Fossil

globs.md at [2df14399e6]
Login

globs.md at [2df14399e6]

File www/globs.md artifact f6cae0dc33 part of check-in 2df14399e6


# File Name Glob Patterns


A [glob pattern][glob] is a text expression that matches one or more
file names using wild cards familiar to most users of a command line.
For example, `*` is a glob that matches any name at all and
`Readme.txt` is a glob that matches exactly one file. 
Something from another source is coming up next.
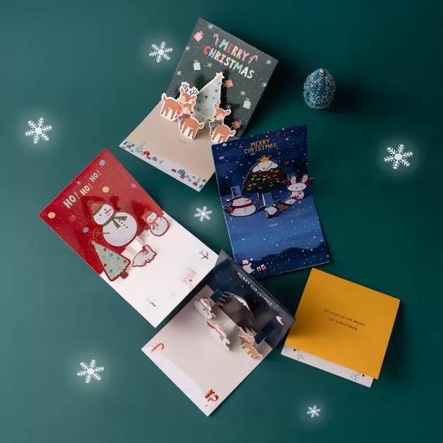 umina la stagione festiva della tua famiglia con gioiose scene 3D. Ogni design unico permette ai bambini di condividere creativamente auguri speciali. Goditi un'attività semplice che unisce gli affetti per momenti significativi.

Note that although both are notations for describing patterns in text,
glob patterns are not the same thing as a [regular expression or
regexp][regexp].

[glob]: https://en.wikipedia.org/wiki/Glob_(programming) (Wikipedia)
[regexp]: https://en.wikipedia.org/wiki/Regular_expression


A number of fossil setting values hold one or more file glob patterns
that will identify files needing special treatment.  Glob patterns are
also accepted in options to certain commands as well as query
parameters to certain pages.

In many cases more than one glob may be specified in a setting,
option, or query parameter by listing multiple globs separated by a
comma or white space.

Of course, many fossil commands also accept lists of files to act on,
and those also may be specified with globs. Although those glob
patterns are similar to what is described here, they are not defined
by fossil, but rather by the conventions of the operating system in
use.


## Syntax

A list of glob patterns is simply one or more glob patterns separated
by white space or commas. If a glob must contain white spaces or
commas, it can be quoted with either single or double quotation marks.
A list is said to match if any one (or more) globs in the list
matches.

A glob pattern is a collection of characters compared to a target
text, usually a file name. The whole glob is said to match if it
successfully consumes and matches the entire target text. Glob
patterns are made up of ordinary characters and special characters. 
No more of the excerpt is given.